- _EXERCISE_:
Transcribe, starting at the line with "本堂にあたる釈迦牟尼仏を安置する大雄殿に続く紫霞門に上がる階段で、" and ending at the line with "The sitter is", every line of the material below exactly, but leave out the pictures and anything outside that span.

- _GIVEN INFORMATION_:

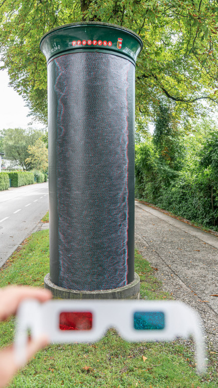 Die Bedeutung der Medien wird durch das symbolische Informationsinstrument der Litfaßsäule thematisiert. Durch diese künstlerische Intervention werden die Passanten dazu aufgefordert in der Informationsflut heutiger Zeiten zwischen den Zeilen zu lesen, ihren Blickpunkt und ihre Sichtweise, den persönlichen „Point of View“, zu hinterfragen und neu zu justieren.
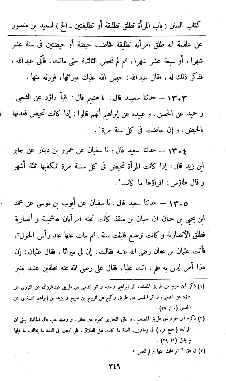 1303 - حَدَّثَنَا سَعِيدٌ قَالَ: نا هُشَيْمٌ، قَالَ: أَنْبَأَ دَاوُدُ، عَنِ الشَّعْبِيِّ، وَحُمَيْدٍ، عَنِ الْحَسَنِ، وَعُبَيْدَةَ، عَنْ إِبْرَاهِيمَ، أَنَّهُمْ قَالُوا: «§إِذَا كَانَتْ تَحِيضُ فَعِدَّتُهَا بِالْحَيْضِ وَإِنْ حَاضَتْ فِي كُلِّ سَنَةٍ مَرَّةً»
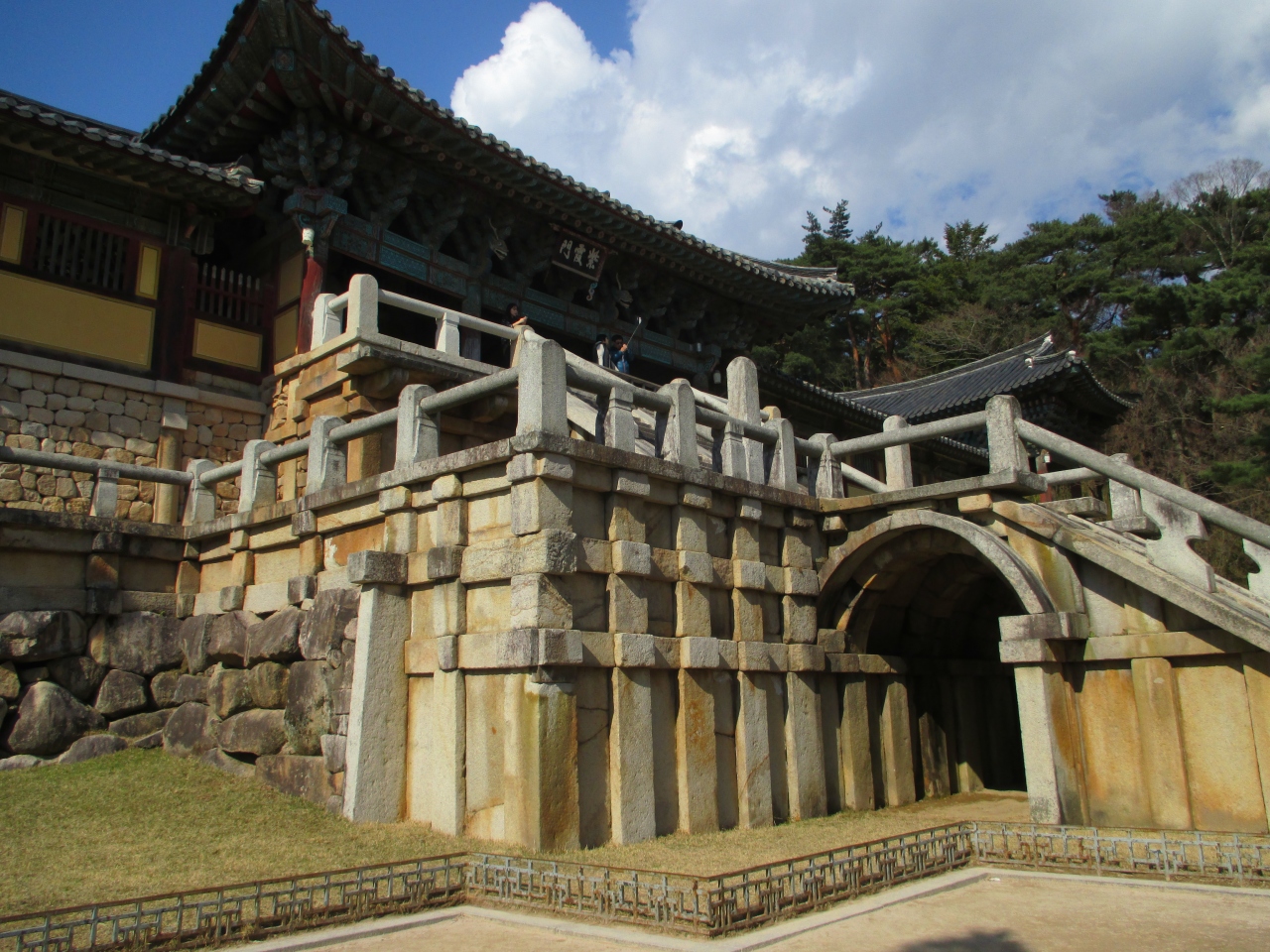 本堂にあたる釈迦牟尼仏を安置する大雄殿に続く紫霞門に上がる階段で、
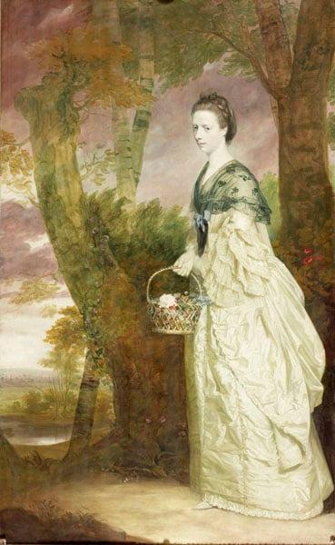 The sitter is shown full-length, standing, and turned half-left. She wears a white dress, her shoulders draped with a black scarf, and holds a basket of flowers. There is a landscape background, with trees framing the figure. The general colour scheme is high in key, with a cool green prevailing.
==
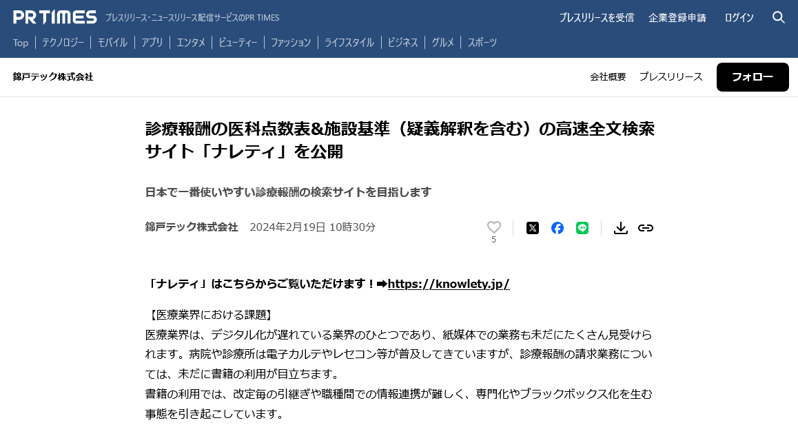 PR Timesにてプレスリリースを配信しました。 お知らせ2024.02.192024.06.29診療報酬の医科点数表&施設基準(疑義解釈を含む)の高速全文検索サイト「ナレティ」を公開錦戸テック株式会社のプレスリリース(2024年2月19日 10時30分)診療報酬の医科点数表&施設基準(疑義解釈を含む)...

- _TASK SOLUTION_:
 本堂にあたる釈迦牟尼仏を安置する大雄殿に続く紫霞門に上がる階段で、
 The sitter is shown full-length, standing, and turned half-left. She wears a white dress, her shoulders draped with a black scarf, and holds a basket of flowers. There is a landscape background, with trees framing the figure. The general colour scheme is high in key, with a cool green prevailing.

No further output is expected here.